__Task instructions__
Word for word, restate the lines of the listing below from the line with "Click Confirm to" through the line with "射手榜方面,利雅得胜利的葡萄", and do not include the pictures.

__Records for this exercise__
▬▬▬▬▬▬

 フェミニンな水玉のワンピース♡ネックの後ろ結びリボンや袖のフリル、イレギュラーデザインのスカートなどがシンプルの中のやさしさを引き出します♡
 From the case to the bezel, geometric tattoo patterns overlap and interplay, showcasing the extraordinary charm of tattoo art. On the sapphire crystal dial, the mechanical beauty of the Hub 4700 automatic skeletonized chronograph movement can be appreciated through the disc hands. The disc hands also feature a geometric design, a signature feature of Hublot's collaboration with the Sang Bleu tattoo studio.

▬▬▬▬▬▬

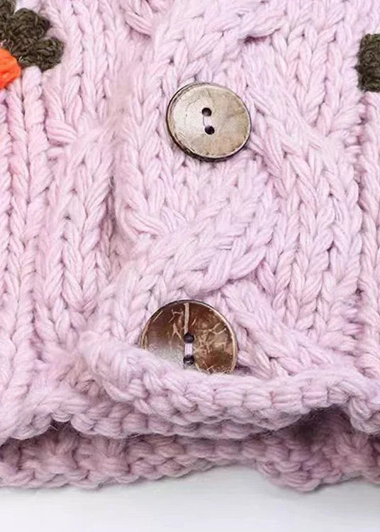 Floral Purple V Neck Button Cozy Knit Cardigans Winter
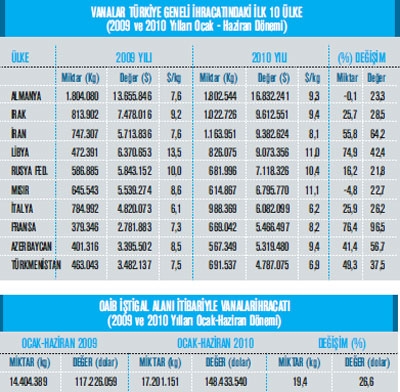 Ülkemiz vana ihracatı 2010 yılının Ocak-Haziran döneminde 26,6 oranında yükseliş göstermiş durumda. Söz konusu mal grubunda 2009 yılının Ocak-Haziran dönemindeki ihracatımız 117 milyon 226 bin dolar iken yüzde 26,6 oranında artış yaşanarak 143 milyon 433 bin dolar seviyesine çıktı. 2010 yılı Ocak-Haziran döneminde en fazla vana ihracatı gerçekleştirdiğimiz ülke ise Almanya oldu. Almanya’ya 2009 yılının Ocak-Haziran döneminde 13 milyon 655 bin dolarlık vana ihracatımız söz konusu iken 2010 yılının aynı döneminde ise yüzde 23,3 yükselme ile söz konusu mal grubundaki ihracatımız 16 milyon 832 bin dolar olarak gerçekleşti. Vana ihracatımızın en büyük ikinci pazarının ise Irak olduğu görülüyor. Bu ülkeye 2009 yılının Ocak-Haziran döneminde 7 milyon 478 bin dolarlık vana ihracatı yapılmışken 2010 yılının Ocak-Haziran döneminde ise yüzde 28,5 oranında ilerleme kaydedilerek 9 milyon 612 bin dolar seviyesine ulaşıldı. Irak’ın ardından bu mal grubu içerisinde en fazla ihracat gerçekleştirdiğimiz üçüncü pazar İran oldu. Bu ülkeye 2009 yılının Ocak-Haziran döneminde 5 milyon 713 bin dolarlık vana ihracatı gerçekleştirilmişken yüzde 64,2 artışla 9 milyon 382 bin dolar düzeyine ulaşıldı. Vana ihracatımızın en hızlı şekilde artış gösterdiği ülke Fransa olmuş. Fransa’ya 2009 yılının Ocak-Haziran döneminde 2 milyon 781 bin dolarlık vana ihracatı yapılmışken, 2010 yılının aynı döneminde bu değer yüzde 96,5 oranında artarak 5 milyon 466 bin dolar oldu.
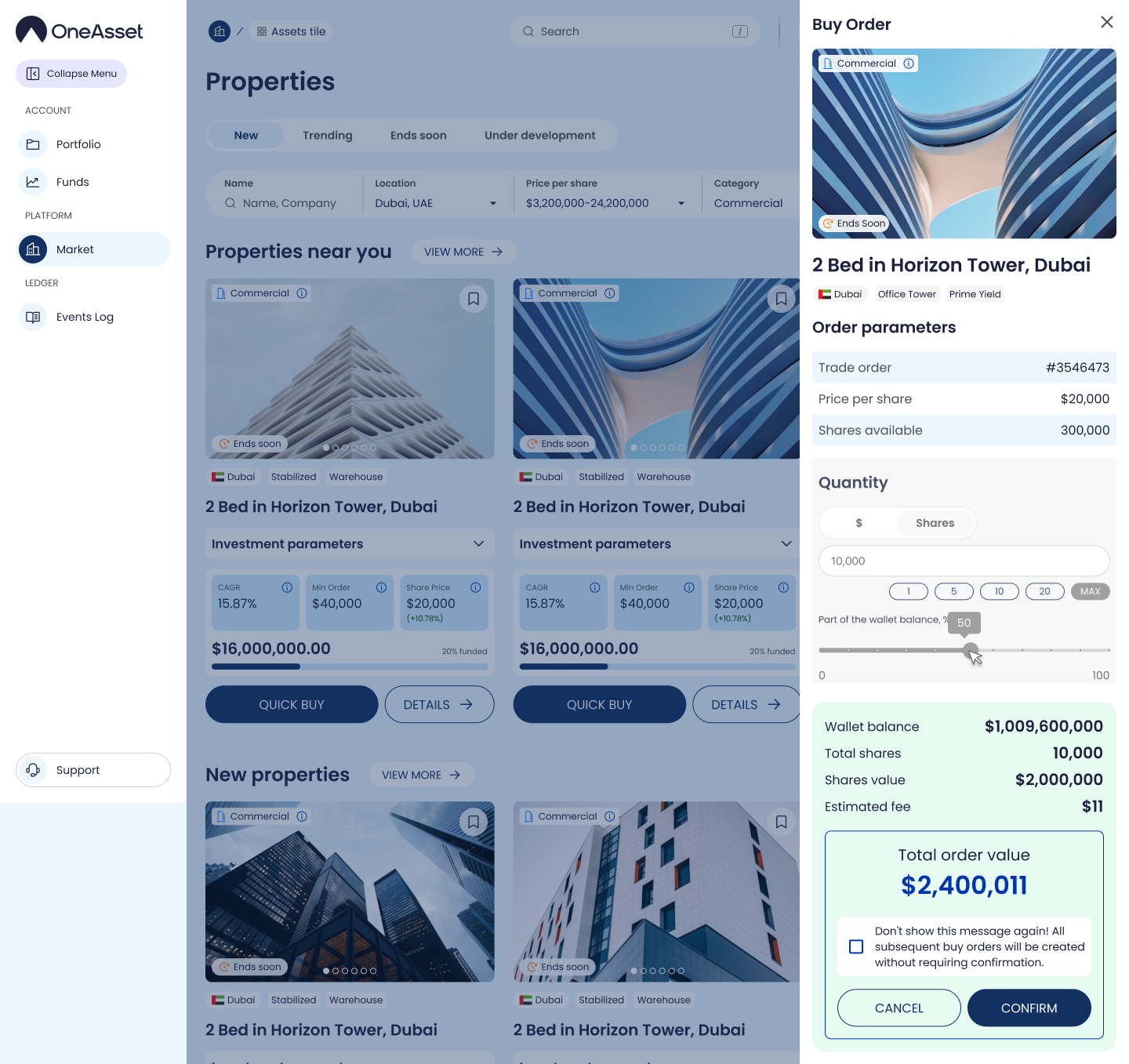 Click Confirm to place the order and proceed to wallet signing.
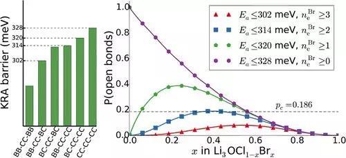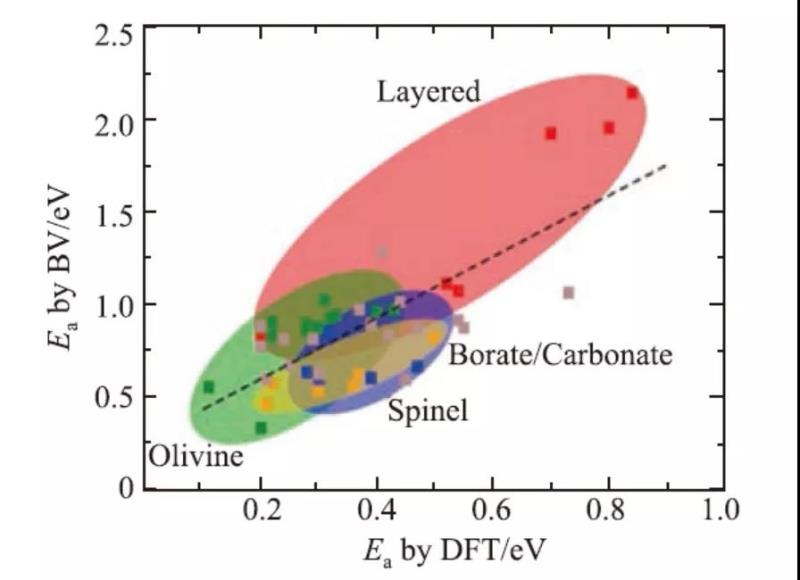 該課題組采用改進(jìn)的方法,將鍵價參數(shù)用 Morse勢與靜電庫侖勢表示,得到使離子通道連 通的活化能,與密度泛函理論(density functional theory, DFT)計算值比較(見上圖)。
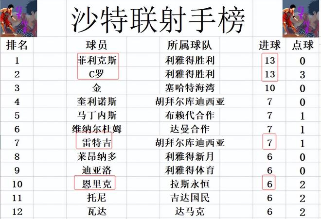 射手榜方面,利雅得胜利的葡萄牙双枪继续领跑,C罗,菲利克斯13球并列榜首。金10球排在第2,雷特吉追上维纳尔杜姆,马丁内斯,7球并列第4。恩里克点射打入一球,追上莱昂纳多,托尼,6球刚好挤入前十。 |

▬▬▬▬▬▬

__Result of this exercise__
 Click Confirm to place the order and proceed to wallet signing.
 該課題組采用改進(jìn)的方法,將鍵價參數(shù)用 Morse勢與靜電庫侖勢表示,得到使離子通道連 通的活化能,與密度泛函理論(density functional theory, DFT)計算值比較(見上圖)。
 射手榜方面,利雅得胜利的葡萄牙双枪继续领跑,C罗,菲利克斯13球并列榜首。金10球排在第2,雷特吉追上维纳尔杜姆,马丁内斯,7球并列第4。恩里克点射打入一球,追上莱昂纳多,托尼,6球刚好挤入前十。 |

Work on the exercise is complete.